By the way: systems with such a high degree of freedom would need a really high embedding dimension. Let us guess that the degree of freedom of such a lottery system will not be below 100 (in reality it is even much more!), then the embedding dimension should be at least 200.
And please note: the delay embedding increases the correlation between the phase space vectors. If you use such an embedding for a prediction, then you can get wrong results.
Now I had a look on the posts about "Lottery Prediction by Recurrence Analysis" at
http://www.lotterypost.com and at the material on the web site
http://zarnia.250free.com. I think I should write you an eMail with some comments. But here I would like to say that I agree with the comments given by Eugene. You will not be successful in predicting lottery numbers, even not by using any kind of recurrence analysis. I hope that Eugene was successful in proving this by means of the recurrence analysis.
Eugene provided a predicition algorithm based on the recurrences. I do not know how this algorithm is working. But I'm quite sure that it is not able to predict exactly numbers - only within an intervall of numbers.
You mentioned that the best results ocurred for a delay which is as large as the number of drawn numbers. This is trivial. As Eugene already stated, the numbers in one draw are ordered. Therefore, if you plot the drawn numbers sequentially, you will see a saw tooth with a period which is equal to the drawn numbers. The highest autocorrelation can be found in delays which are exactly the multiple of the period. I guess, this is also the reason why you will find a phase space reconstruction (if we can call this at all a phase space) which seems to be composed by triangles - it is only the ordered structure within the data.

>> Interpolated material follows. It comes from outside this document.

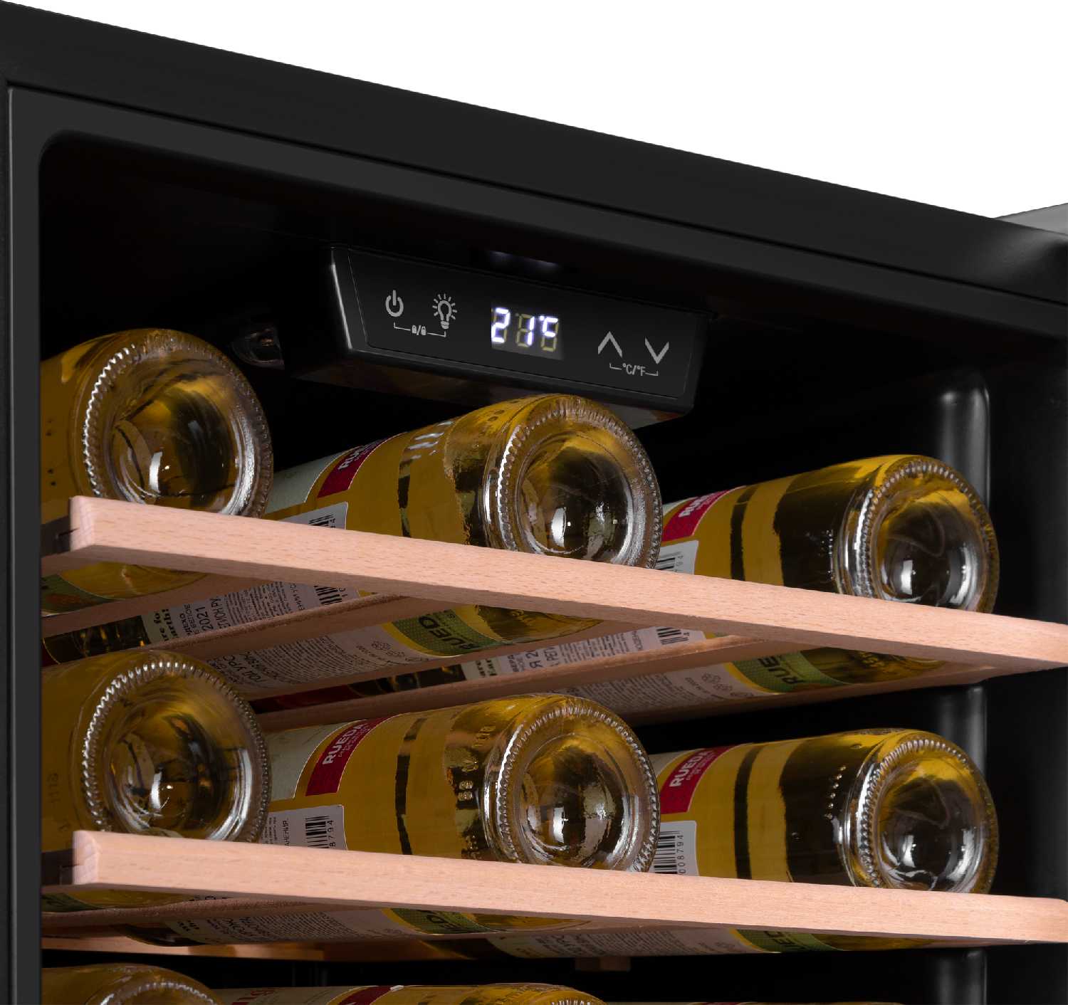 - Дверца с тонированным стеклом эффективно блокирует ультрафиолетовое излучение, предотвращая деградацию вина от солнечного света.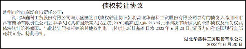湖北华鑫科工贸股份有限公司与孙盛国签订《债权转让协议》,将湖北华鑫科工贸股份有限公司享有的债务人为荆州市沙市商场有限责任公司之中华人民共和国最高人民法院(2020)最高法民再213号民事判决书所确认的全部债权及相关权益依法转让给孙盛国。与此转让债权相关的其他权利也一并转让,转让基准日为2022年6月20日,请贵方向孙盛国履行全部还款义务。

However, if you have still the mood to follow the analysis of lottery numbers with the recurrence plot approach, let me suggest the following points, which are more interesting or more appropriate:
- use the drawn numbers as a phase space vector, dimension is then the number of drawn balls, delay=1 (this avoids the correlations between the phase space vectors by the embedding)
- create a phase space which has the dimension of all available numbers (e.g. 49) and now create phase space vectors on the basis of the drawn numbers such that the component of the phase space vector which corresponds to the drawn number is set to one (else zero), e.g. the first draw was 1,5,12,28,33,45, then all components of the phase space vector will be zero except the components 1,5,12,28,33 and 45.